(Ed. Note: Aaron is a sworn LEO and SWAT cop in another state. He frequently comments here at TBF and is an editor at BlueSheepdog.com. The following was originally sent as a comment to my article Long Range Police Marksmanship, but I felt it should stand alone as a post. Welcome Aaron!)
The mindset that the pistol cannot be used beyond 25 yards permeates the law enforcement community, and is a dangerous and ignorant concept. It is true that a pistol is often not as easy to maintain accuracy at longer shots because of the lack of a solid supporting position, but it doesn’t mean that they cannot be effective, as your two fine examples clearly show.
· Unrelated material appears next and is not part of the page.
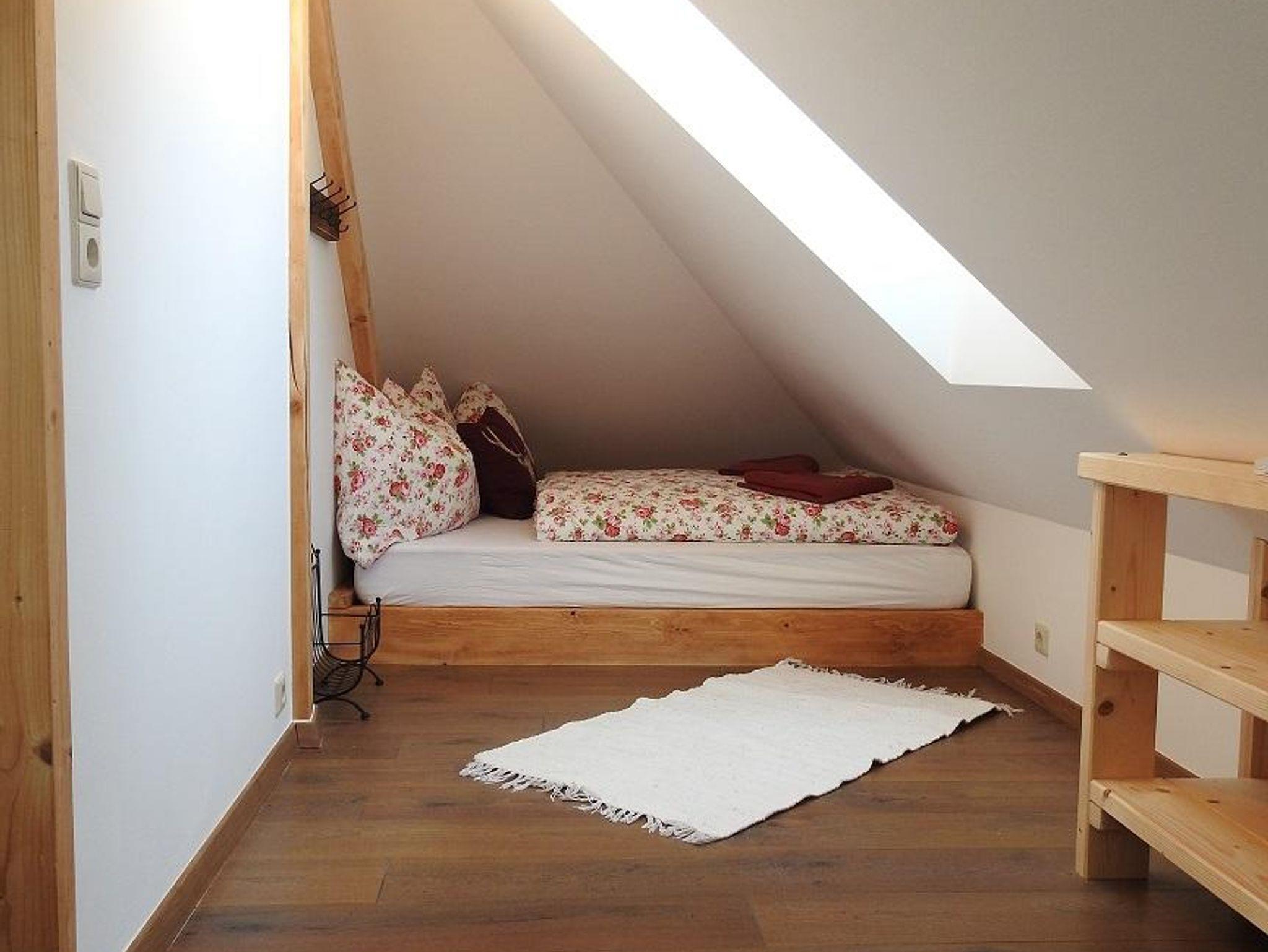 Die gemütliche Dachgeschosswohnung für bis zu vier Personen ist ausgestattet mit TV, WLAN, Kaffeemaschine, Föhn und einer kleinen Küche und bietet somit Komfort für Familien und Paare.

Here is another classic example from my personal experience: My multi-agency drug task force investigated an anonymous tip about a large meth lab, and wanted fugitive. There was no history to this residence and only limited information on a possible suspect, so we conducted a knock-and-talk. Nobody answered and it was believed nobody was home. Two detectives went for a search warrant based upon stolen vehicles located around the house.
The suspect, who had remained hidden and quiet inside his locked house for nearly two hours, attempted to escape outside the back door not knowing that detectives were about 30 yards away. With the suspect shooting a 9mm Glock with 33-round magazine, the exchange of gunfire was fast and furious. Having prepared for just this occasion, the suspect jumped back inside the back door, and triggered the firing mechanism on the stolen claymore mine that was aimed at his meth lab.
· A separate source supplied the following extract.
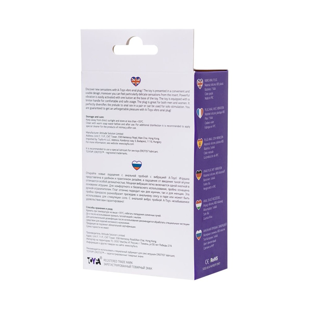 Оснащена вибрацией для дополнительного удовольствия, работает от 1 батарейки типа AAA. Диаметр 2,70 см и длина 11,20 см делают пробку удобной как для начинающих, так и для опытных пользователей. Подходит для обоих полов.

This was a major lab taking up an entire 2-car garage, complete with a 72L flask and 55-gallon drums of chemicals. The resultant explosion blew him out into the backyard in what my partner described as a “cheetah flip” and instantaneously engulfed the garage in large flames. After more gunfire, the suspect fled into a field where he had staged a Jeep Wrangler. We had checked this vehicle finding two flat tires, dry rot on the seats, leaves and debris in the interior, and no doors.
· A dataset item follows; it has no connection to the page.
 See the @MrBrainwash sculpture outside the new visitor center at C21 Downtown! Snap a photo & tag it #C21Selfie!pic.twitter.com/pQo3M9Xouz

As the suspect fled, two detectives continued to engage the suspect with pistol fire. One was firing a Glock 22 (.40) and the other a 1911 (.45). From their final firing position to the Jeep it was around 125 yards. One knelt, and one remained standing. Each took time to aim and squeeze off shots in a slower and methodical approach than the closer initial shootout.
Of course the Jeep fired right up. The suspect used pre-cut paths through a forested area to temporarily escape before crashing shortly after coming out of the woods and being immediately pursued by responding officers.
An inspection of the Jeep showed 5 hits out of about 13 rounds fired at the last position. One hit the frame below the driver’s seat, another just behind the open driver’s door, and another went through the open driver’s door, striking the windshield from the inside.
Learn the fundamentals, and you can make good shots at distance with a pistol.